* [Exercise directions] From the line containing "tennis coaches clinic." down to the line containing "Binnenkomend stap je", copy out the entries below exactly, both lines included, and nothing else; pictures do not belong in the copy.

* [Recorded data]
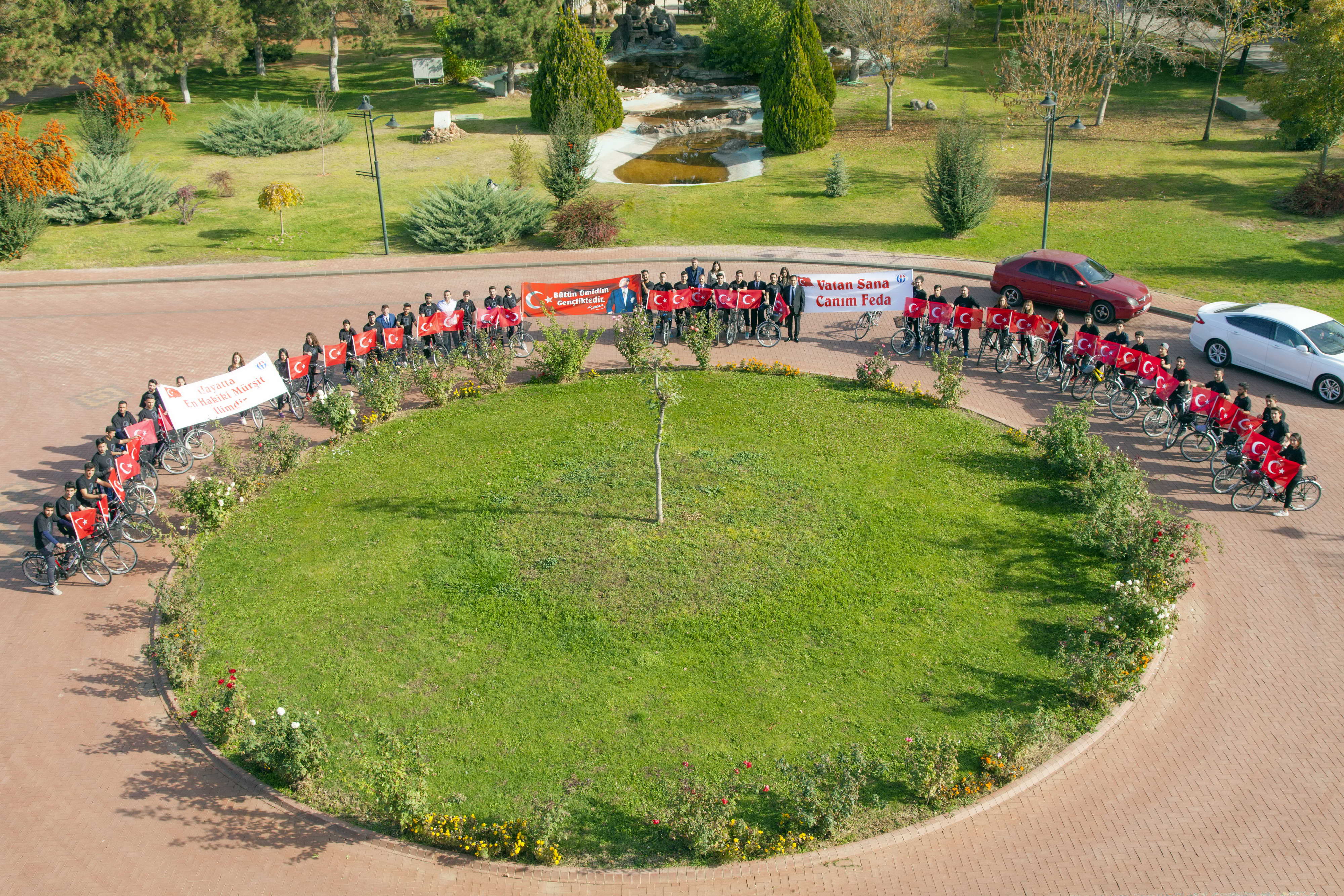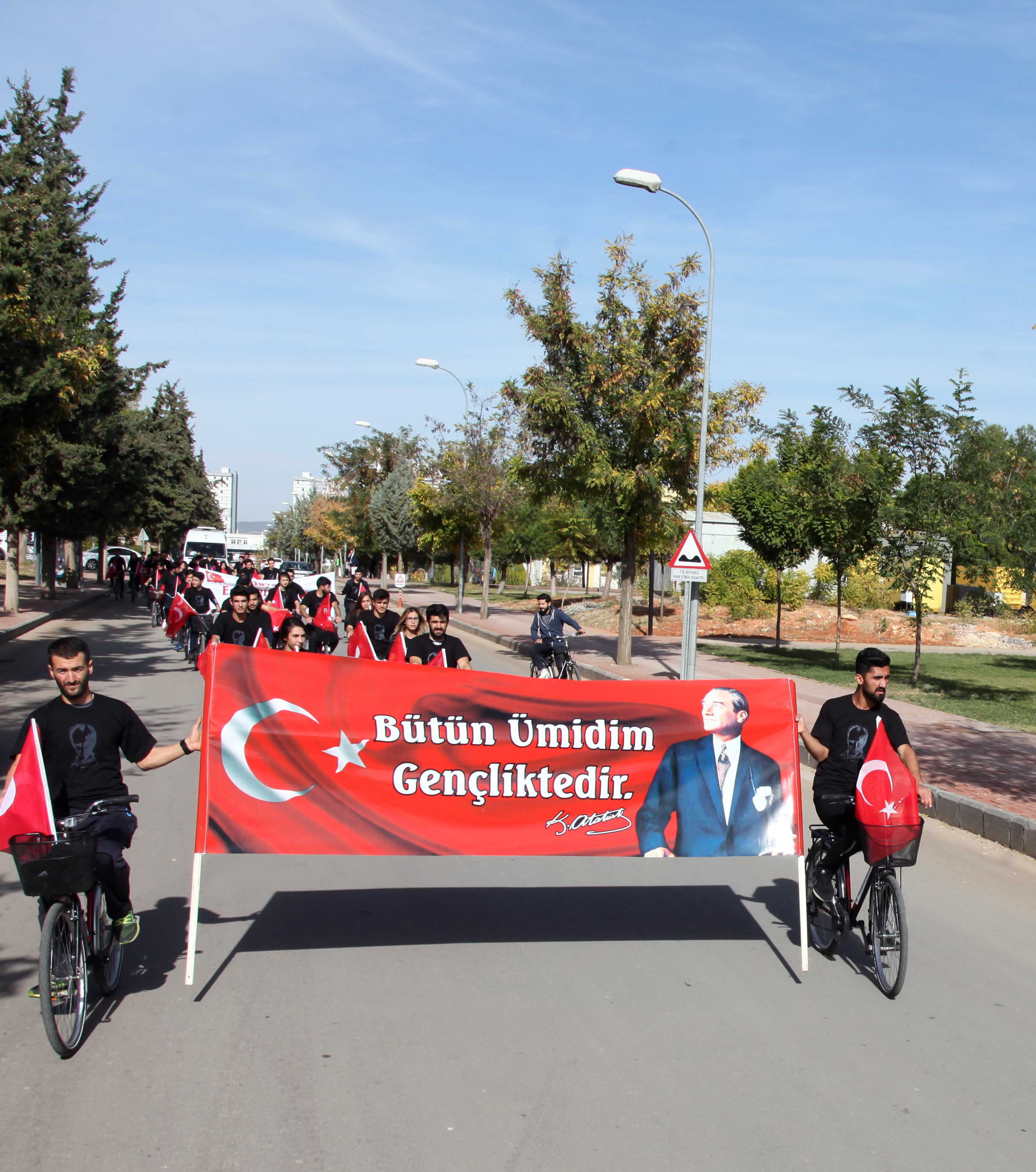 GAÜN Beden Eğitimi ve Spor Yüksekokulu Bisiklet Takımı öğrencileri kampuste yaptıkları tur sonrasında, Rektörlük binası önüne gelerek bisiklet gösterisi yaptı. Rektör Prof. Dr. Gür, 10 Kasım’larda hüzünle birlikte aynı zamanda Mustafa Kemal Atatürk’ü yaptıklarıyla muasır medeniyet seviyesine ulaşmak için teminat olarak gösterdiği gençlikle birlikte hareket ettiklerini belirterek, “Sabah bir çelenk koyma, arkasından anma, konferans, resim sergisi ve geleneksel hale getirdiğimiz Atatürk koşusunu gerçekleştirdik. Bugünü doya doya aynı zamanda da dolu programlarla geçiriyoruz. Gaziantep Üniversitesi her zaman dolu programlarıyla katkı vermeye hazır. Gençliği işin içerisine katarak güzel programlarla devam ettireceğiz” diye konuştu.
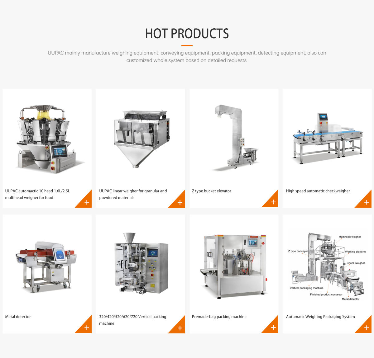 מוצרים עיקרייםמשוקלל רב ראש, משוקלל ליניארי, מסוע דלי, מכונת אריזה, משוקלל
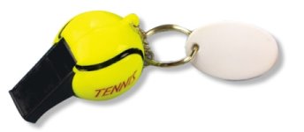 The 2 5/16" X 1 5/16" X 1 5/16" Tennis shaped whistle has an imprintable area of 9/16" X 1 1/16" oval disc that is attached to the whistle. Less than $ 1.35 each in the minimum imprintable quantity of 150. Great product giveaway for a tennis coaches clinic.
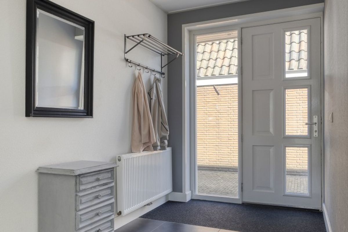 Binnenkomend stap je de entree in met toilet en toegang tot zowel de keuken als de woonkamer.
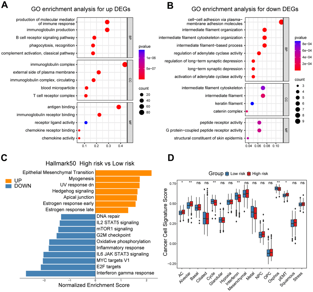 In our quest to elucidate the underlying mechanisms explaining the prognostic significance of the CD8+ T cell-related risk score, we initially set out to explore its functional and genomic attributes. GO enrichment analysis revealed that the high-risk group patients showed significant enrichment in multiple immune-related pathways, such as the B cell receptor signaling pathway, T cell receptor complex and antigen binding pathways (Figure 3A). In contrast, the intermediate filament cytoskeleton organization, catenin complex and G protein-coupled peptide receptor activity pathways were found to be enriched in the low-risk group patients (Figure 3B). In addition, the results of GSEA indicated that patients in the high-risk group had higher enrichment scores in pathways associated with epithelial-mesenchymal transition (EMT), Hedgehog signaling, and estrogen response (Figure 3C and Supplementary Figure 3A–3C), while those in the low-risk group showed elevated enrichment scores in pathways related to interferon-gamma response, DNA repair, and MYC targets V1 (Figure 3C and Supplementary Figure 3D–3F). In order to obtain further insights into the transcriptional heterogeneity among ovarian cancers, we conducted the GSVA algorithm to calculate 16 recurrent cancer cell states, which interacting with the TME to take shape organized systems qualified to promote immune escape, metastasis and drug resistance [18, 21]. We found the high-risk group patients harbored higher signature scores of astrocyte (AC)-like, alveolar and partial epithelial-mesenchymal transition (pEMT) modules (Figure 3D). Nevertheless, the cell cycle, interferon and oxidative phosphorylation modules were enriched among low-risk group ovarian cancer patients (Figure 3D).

* [Reply]
 The 2 5/16" X 1 5/16" X 1 5/16" Tennis shaped whistle has an imprintable area of 9/16" X 1 1/16" oval disc that is attached to the whistle. Less than $ 1.35 each in the minimum imprintable quantity of 150. Great product giveaway for a tennis coaches clinic.
 Binnenkomend stap je de entree in met toilet en toegang tot zowel de keuken als de woonkamer.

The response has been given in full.